(Beginning of Task inputs)

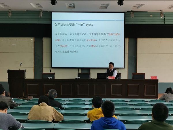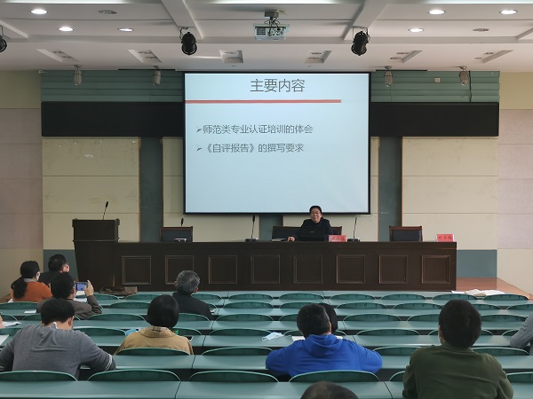 刘学梅教授指出专业认证是事关学生利益、专业生存、专业声誉和专业发展的大事,国家、社会和学校都高度重视,也是师范专业规范建设和内涵式发展的机遇;并详细解读了教育部《师范类专业认证自评报告》的撰写要求,逐项分析了师范类专业评估指标体系的内涵。
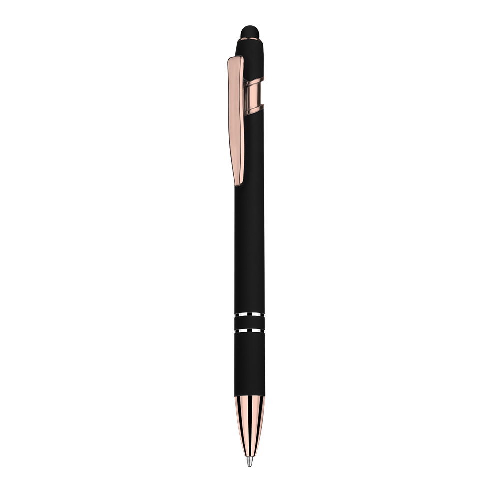 Caneta esferográfica em metal escrita em azul com cor fosca. Refil tipo parker com ponta touch emborrachada e detalhe dourado.
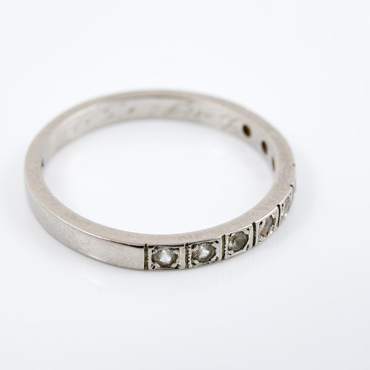 5000786. RING. Half-alliance ring, 18k white gold, octagonal cut white sapphires, Trege Guldsmedsaktiebolaget, Gothenburg, 1957.
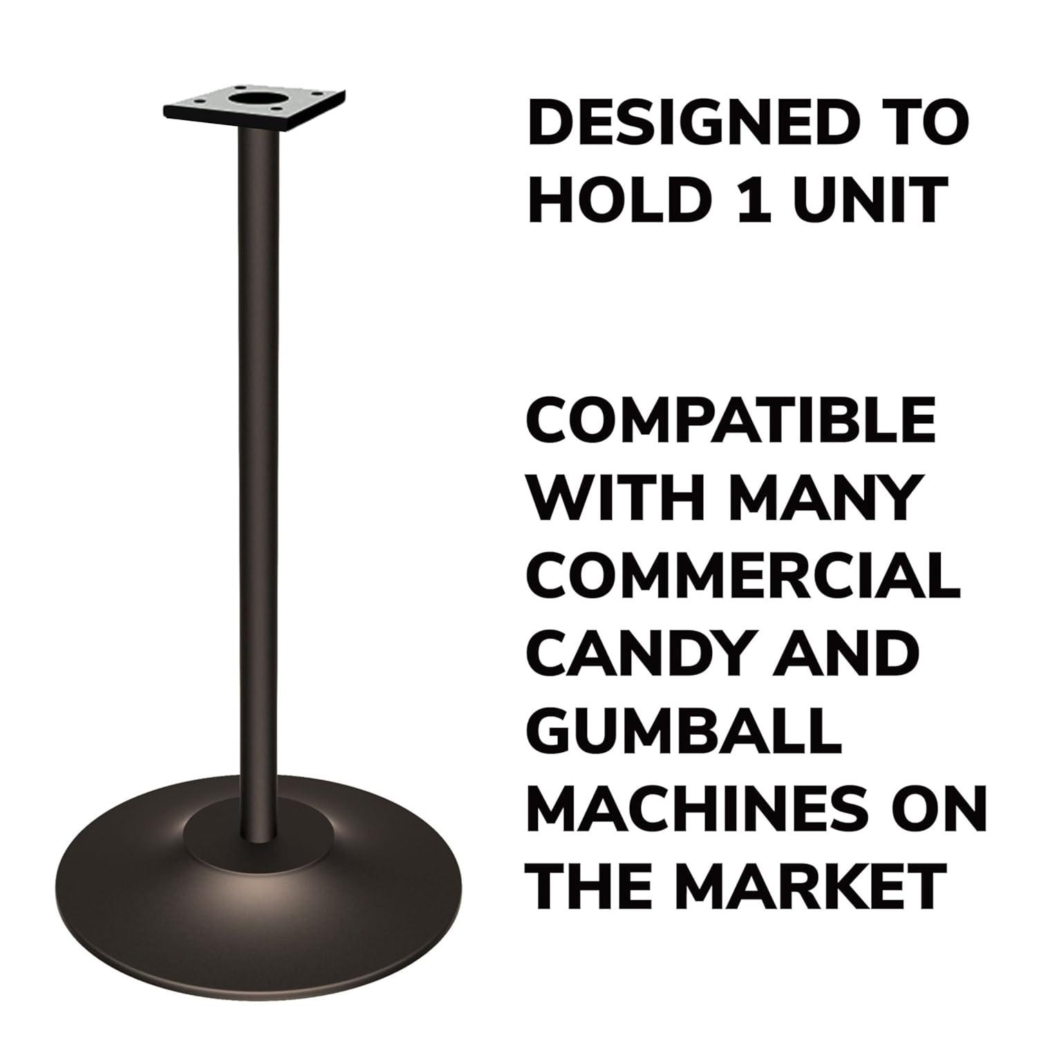 Specification:Color: BlackMaterial: Cast Iron Stand Height: 28”Base Diameter: 16”Pole Diameter: 2”Net weight 16.5 lbs(VENDING MACHINE NOT INCLUDED)This Metal stand is a fabulous unit that can hold up to 1-3 machines (connecting board not included), best of all this unit can Fit most Gumball machines within the vending industry. Stand has been laid with a Black coat which gives it a glossy finish. Great reliable stand that can hold up to its value long-term. Wonderful for Big/Small locations.
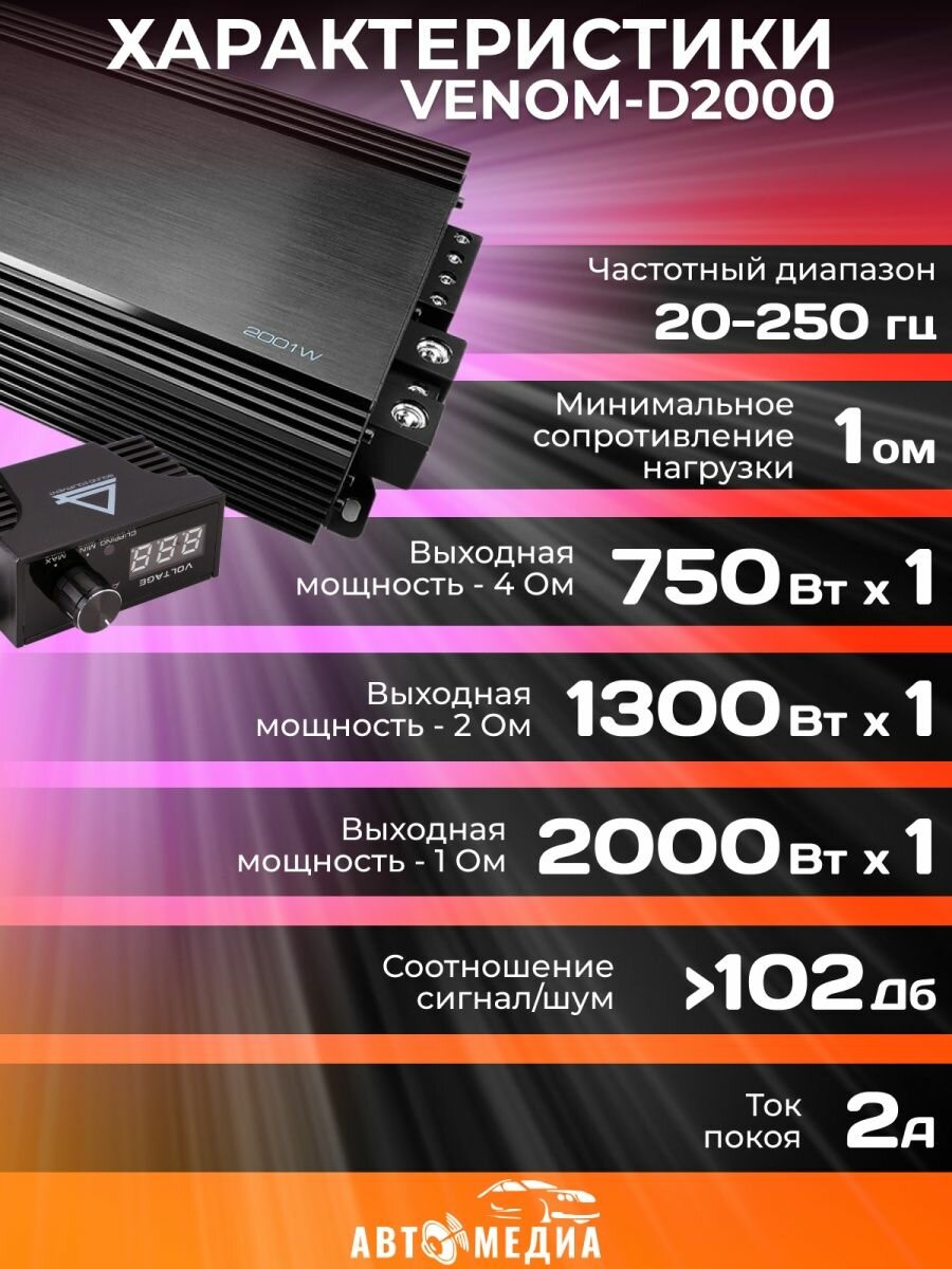 Автомобильный усилитель VENOM-D2000 интересное:
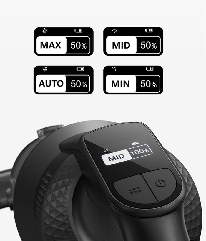 Čištění až po dobu 90 minut*. Displej OLED ukazuje úroveň nabití baterie a režimy. Přepínejte mezi režimy Min/Mid/Max jedním tlačítkem, nebo jej podržte po dobu 2 sekund pro automatický režim, který přizpůsobí sání podle úrovně nečistot a zajistí snadné ovládání.
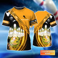 Yellow Bowling Ball In Motion And The Pins Personalized Name 3D Tshirt

(End of Task inputs)

Using the entries above, write out exactly the lines from the one with "Specification:Color: BlackMaterial: Cast" through the one with "Автомобильный усилитель VENOM-D2000", ends included. Leave out any pictures.

 Specification:Color: BlackMaterial: Cast Iron Stand Height: 28”Base Diameter: 16”Pole Diameter: 2”Net weight 16.5 lbs(VENDING MACHINE NOT INCLUDED)This Metal stand is a fabulous unit that can hold up to 1-3 machines (connecting board not included), best of all this unit can Fit most Gumball machines within the vending industry. Stand has been laid with a Black coat which gives it a glossy finish. Great reliable stand that can hold up to its value long-term. Wonderful for Big/Small locations.
 Автомобильный усилитель VENOM-D2000 интересное:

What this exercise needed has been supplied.